Endocrine Abstracts

Introduction: Besides the classical thyroid hormones T4 and T3 the endogenous thyroid hormone metabolite 3,5-diiodothyronine (3,5-T2) attracted attention during the last years due to its metabolic activity. 3,5-T2 exerts thyromimetic action on the hypothalamus-pituitary-thyroid axis and the heart as well as on energy and lipid metabolism. In previous liver transcriptome analyses of 3,5-T2-treated lean and diet-induced obese male mice, effects on hepatic lipid, steroid, xenobiotic, and thyroid hormone metabolism were observed.

Objectives: Applying an untargeted mass spectrometry based proteome analysis approach for 3,5-T2-treated primary mouse hepatocytes, we intended to confirm previous in vivo transcriptome data and to identify novel protein targets and pathways of hepatic 3,5-T2 action.

Materials & methods: Primary hepatocytes isolated from male mouse liver were cultivated under FCS-free conditions and treated with 100 nM 3,5-T2 for either 6, 24, 48 or 72 h (n=3 per group). Proteins were prepared and digested using Trizol and FASP (filter-aided sample preparation), respectively. Proteomes were analyzed using LC-MS/MS measurement and data analysis was performed via MaxQuant and GeneData Analyst software. Pathway analysis of proteins exhibiting significantly altered amounts was carried out using the Ingenuity Pathway Analysis (IPA) software.

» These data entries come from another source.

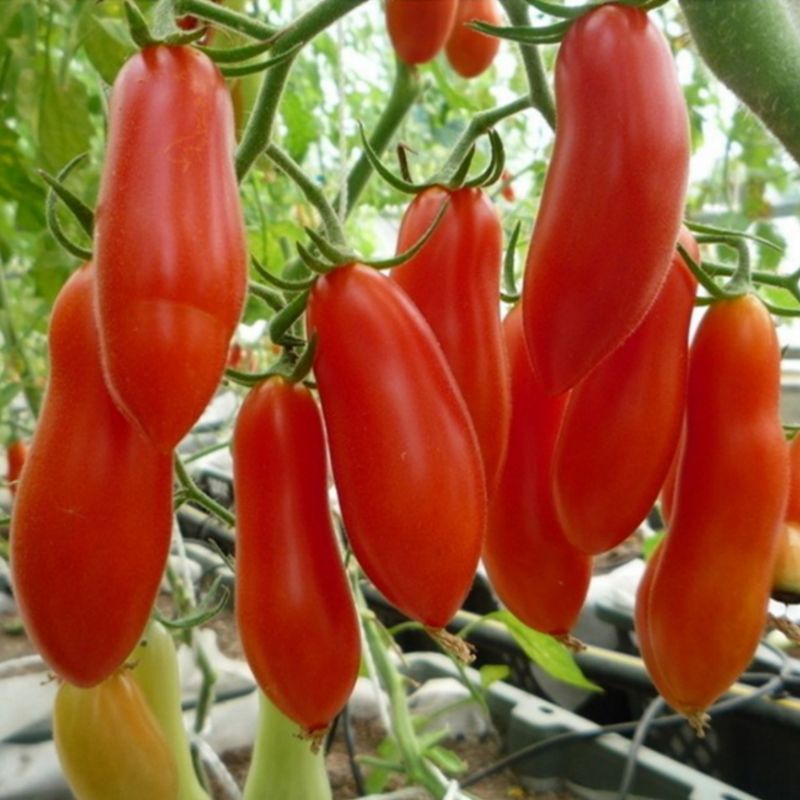 Томат «Красный банан» - высокоурожайный, раннеспелый, от всходов и до начала созревание всего 90-95 дней. Куст томата детерминантный, высотой до 50 см, с простыми соцветьями, на кисти формируется от 8 до 12 плодов.
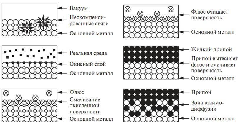необходимо иметь специальные активные флюсы, состоящие из концентрированной соляной кислоты и раствора цинкоаммониевого хлорида, а также флюсы на основе хлористого цинка и аммония с добавкой хлористого олова. Оловянно-свинцовые припои в сочетании с флюсами имеют хорошую текучесть и обеспечивают высокопрочные соединения.
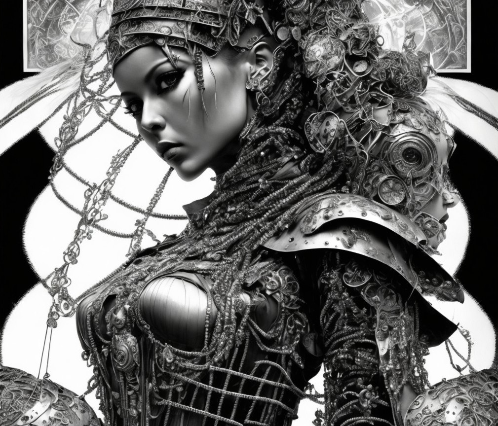 Futuristic Steampunk Female Figure in Monochrome
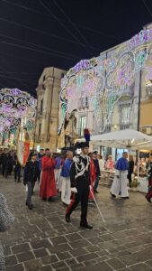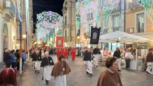 Condividi Con la processione in onore di San Michele Arcangelo, Patrono della Città del Vasto, si sono praticamente conclusi i festeggiamenti organizzati dall’Amministrazione Comunale della Città, in collaborazione con il clero cittadino. Alle ore 18,00, all’interno della Chiesa di Santa Maria Maggiore Mons. Bruno Forte ha presieduto una solenne celebrazione eucaristica concelebrando assieme al Nunzio Apostolico, Mons. Mauro Lalli, il vicario episcopale Don Nicola Del Bianco ed i sacerdoti delle Parrocchie vastesi e della Diocesi. Il sacro tempio era strapieno di fedeli accorsi per ascoltare la parola del proprio Vescovo il quale ha pronunciato una esaltante omelia con chiari riferimenti al difficile momento che il mondo intero sta vivendo. Presenti le massime autorità Civili e Militari della Città capeggiati dal Sindaco Francesco Menna. Al termine della celebrazione del rito religioso si è formato il corteo che ha percorso le strade del centro storico cittadino tra due ali di folla. Come sempre hanno animato la processione i rappresentanti delle Confraternite cittadine che hanno portato a spalla la sacra effige di San Michele Arcangelo. La processione, come da tradizione, si è conclusa nello splendido belvedere che si apre sul golfo della città e dove si erge la Cappella dedicata al Santo Patrono Michele. Mons. Forte ha invitato i presenti a pregare per quanto sta accadendo nella striscia di Gaza e nella martoriata Ucraina impartendo, poi, la sua paterna benedizione. Processione San Michele

Results: The proteomics approach revealed 852 proteins exhibiting significantly altered amounts in 3,5-T2-treated primary hepatocytes compared to their time matched controls (P ≤ 0.05, fold change ≥ |1.5|). Notably, the highest number of proteins with significantly changed amounts was observed after 48 h of treatment, while after 6 and 24 h 4.5-times less proteins were altered. The greatest overlap of 92 proteins was observed between the time points 24 and 48 h of 3,5-T2 treatment. As identified by IPA, proteins showing significant alterations mainly belong to the pathways ‘EIF2 signaling’, ‘regulation of eIF4 and p70S6K signaling’, ‘mTOR signaling’, various degradation pathways for intermediary metabolites, as well as proteins involved in steroid hormone metabolism.

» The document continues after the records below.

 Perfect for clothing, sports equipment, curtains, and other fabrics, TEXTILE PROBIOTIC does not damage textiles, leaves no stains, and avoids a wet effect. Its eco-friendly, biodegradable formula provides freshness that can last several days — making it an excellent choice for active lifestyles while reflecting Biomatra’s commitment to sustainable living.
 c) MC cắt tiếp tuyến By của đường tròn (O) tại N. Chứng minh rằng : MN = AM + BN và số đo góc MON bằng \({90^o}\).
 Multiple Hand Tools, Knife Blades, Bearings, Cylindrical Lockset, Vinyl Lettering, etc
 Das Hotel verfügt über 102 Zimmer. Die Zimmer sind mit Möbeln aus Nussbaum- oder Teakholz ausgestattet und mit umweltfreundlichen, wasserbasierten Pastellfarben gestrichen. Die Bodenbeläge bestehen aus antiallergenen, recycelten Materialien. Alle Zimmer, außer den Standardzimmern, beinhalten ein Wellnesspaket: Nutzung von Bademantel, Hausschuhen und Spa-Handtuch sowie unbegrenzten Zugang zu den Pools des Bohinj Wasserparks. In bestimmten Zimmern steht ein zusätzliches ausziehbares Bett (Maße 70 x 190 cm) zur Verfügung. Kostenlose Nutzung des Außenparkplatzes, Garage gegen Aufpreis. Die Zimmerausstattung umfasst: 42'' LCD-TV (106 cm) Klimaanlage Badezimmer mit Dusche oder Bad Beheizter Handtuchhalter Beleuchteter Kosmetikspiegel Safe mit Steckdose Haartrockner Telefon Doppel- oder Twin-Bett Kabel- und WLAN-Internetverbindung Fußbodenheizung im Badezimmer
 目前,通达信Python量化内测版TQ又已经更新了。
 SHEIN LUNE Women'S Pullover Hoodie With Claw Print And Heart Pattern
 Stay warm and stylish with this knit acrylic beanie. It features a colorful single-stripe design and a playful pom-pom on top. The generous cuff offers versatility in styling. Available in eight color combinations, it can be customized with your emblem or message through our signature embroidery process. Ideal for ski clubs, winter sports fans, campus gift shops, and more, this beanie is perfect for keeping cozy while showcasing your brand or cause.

Conclusion: The untargeted mass spectrometry approach identified a variety of proteins and pathways altered by 3,5-T2 treatment in primary mouse hepatocytes as well as the confirmation of previously indicated 3,5-T2 effects on mouse liver transcriptomes and functional readouts. To further extend our knowledge of 3,5-T2 action, a transcriptome analysis of the current study is planned to create a complementary dataset.